Forum Moderators: Robert Charlton & goodroi
The manual penalties are probably not set in a techncially different manner from algorithmic penalties. It's just that some manual records might need a human action to be placed or removed.
There's a description of such mechanisms in the Google phrase based indexing patents [webmasterworld.com] - especially the one about detecting spam. Another relevant patent that offers some insight is the human editorial input patent [webmasterworld.com].
As I read it those reviewers do not actually place heavy duty -30 or -950 penalties. They seem mostly to be used for Quality Checking various SERPs and giving a human look at how well the algo is doing.
From my reading, their effect depends on a consensus of several indpendent reviews, and is more likely to be a tweak up or down rather than a huge penalty. Of course if they see something really out-of-line, I'm sure they have a whistle they can blow to get some full time engineer's attention.
Today, if you drop 30 points, it is more likely to be just for that search and it could well be automated. Google certainly prefers the algo over manual and over the years they've moved many penalties from being manula to automated, as well as recovery from those penalties.
The Web is too big for humans to police.
The human reviewers only need to see sites that rank high, namely, sites that have snuck through the algorithms. I would expect Google to know niches that suffer from abuse and ask the reviewers to evaluate those sites first.
I'd also expect a methodology to evaluate the SEO-clueless but otherwise valuable sites, so that they can be given a boost.

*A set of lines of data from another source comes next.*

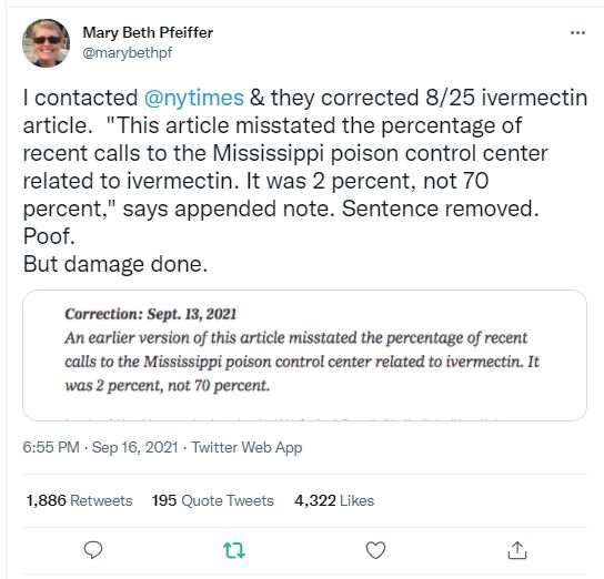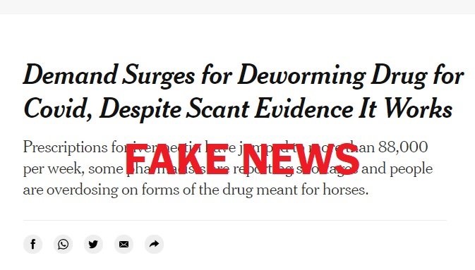 Y en el artículo, The New York Times afirmó que un centro de control de intoxicaciones de Mississippi informó de un aumento del 70% en las recientes intoxicaciones por Ivermectina.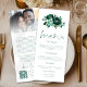Emerald Gold Florals Love Story Photo Wedding Menu Card. Available digitally and printed. A dual purpose design. Beautiful flowers are at the top, with an elegant script for Menu and easy to personalise the rest of the text to your requirements. On the back add your love story, photo and a QR code for guests to scan to upload their photos to you. Simply change the sample url to that of the website you wish the qr code to link to and your QR code will automatically be created.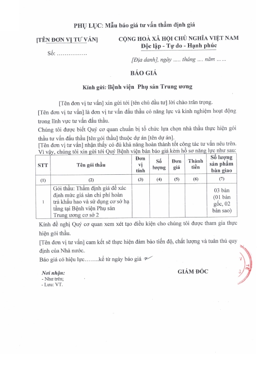 Kính gửi: Các hãng sản xuất, nhà cung cấp tại Việt Nam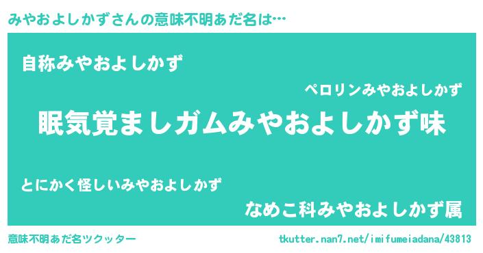 | ヘコむあだ名 | 『みやにー』『みやぷりん』『牛乳』 |
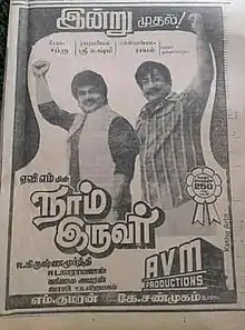 Naam Iruvar (transl. We Two) is a 1985 Indian Tamil-language film, directed by R. Krishnamoorthy and produced by AVM Productions. The film stars Sivaji Ganesan, Prabhu, Urvashi and Charle.[1] It is a remake of the Kannada film Ramapurada Ravana,[2] and was Ganesan's 250th film as an actor.[3]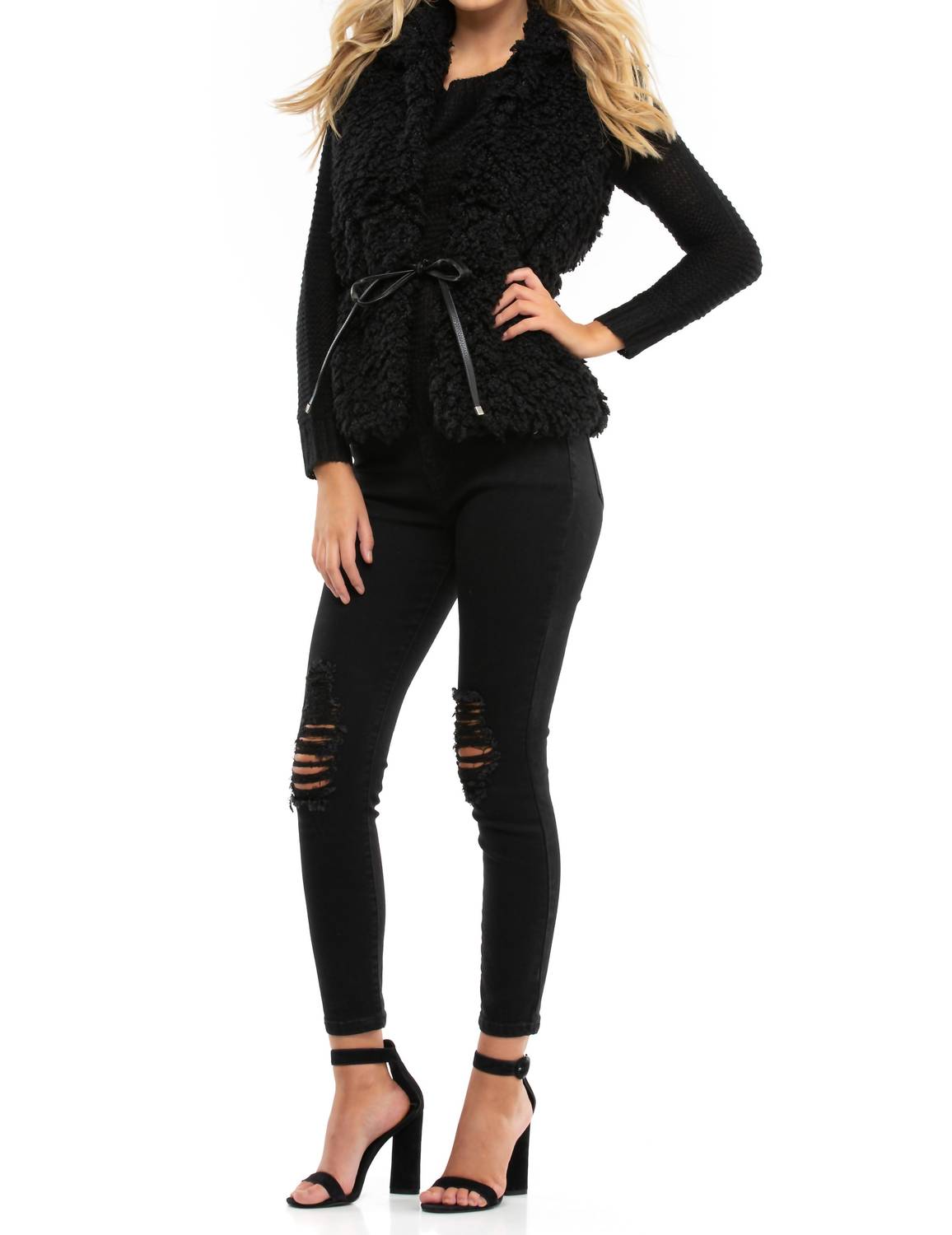 Step into quiet luxury with the WYLDR Country Days Fluffy Gilet, a textured faux fur vest that radiates opulence. Designed with a sleeveless silhouette and a chic V-neckline, this fall-ready vest comes in a versatile black. Featuring a pull-on closure, it includes a removable faux leather belt for added style. Perfect for vacation outings, this fully lined piece combines comfort with sophistication, making it a must-have in your travel wardrobe.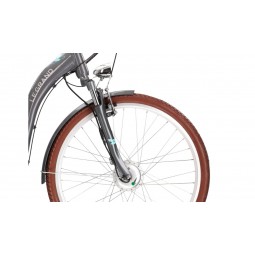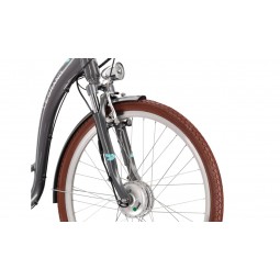 Le Grand eLille 1 posiada elektryczny napęd Bafang znajdujący się w przedniej piaście. Bateria zasilająca napęd elektryczny dla łatwego dostępu została umieszczona na tylnym bagażniku. Dzięki temu bez problemu zabierzesz ją ze sobą do naładowania bez potrzeby przenoszenia całego roweru. Cykl ładowania trwa około 4,5 godziny, a jej zasięg to około 100 km. Na kierownicy znajduje się pilot kontrolujący parametry jazdy oraz w jakim, z pośród pięciu dostępnych zakresów ma cię wspierać silnik. Odpowiada on także za sterowanie oświetleniem roweru, które domyślnie sterowane jest czujnikiem zmierzchu. Le Grand eLille 1 to doskonały wybór dla każdej nowoczesnej kobiety.

All incoming links that had the keyword they filtered on you suddenly vanish... which leads to a massive fall in most cases but they can make mini falls for specific portions of your site too. They can also manually adjust any site up or down. I think one favorite blanket ban that is more widely used right now is the "can't rank anything on page one" button. It's a big stick reserved for link dealers mostly.
I wonder how many older sites are wasting tons of money trying to fix issues they see exist without knowing it's not possible thanks to such a micro-ban. I'd LOVE more transparency on this but that's not possible, if they told you why they downgraded your site people would evaluate and bypass Google's measures.
Edit: Many Automatic bans are triggered only when a site reaches the upper rank in serps. It's expected for new and under construction sites to have weaknesses and it's also expected that those be gone before they rank top 10. Many automatic bans are also only semi-automatic as it takes a human to agree with what the system has flagged for review.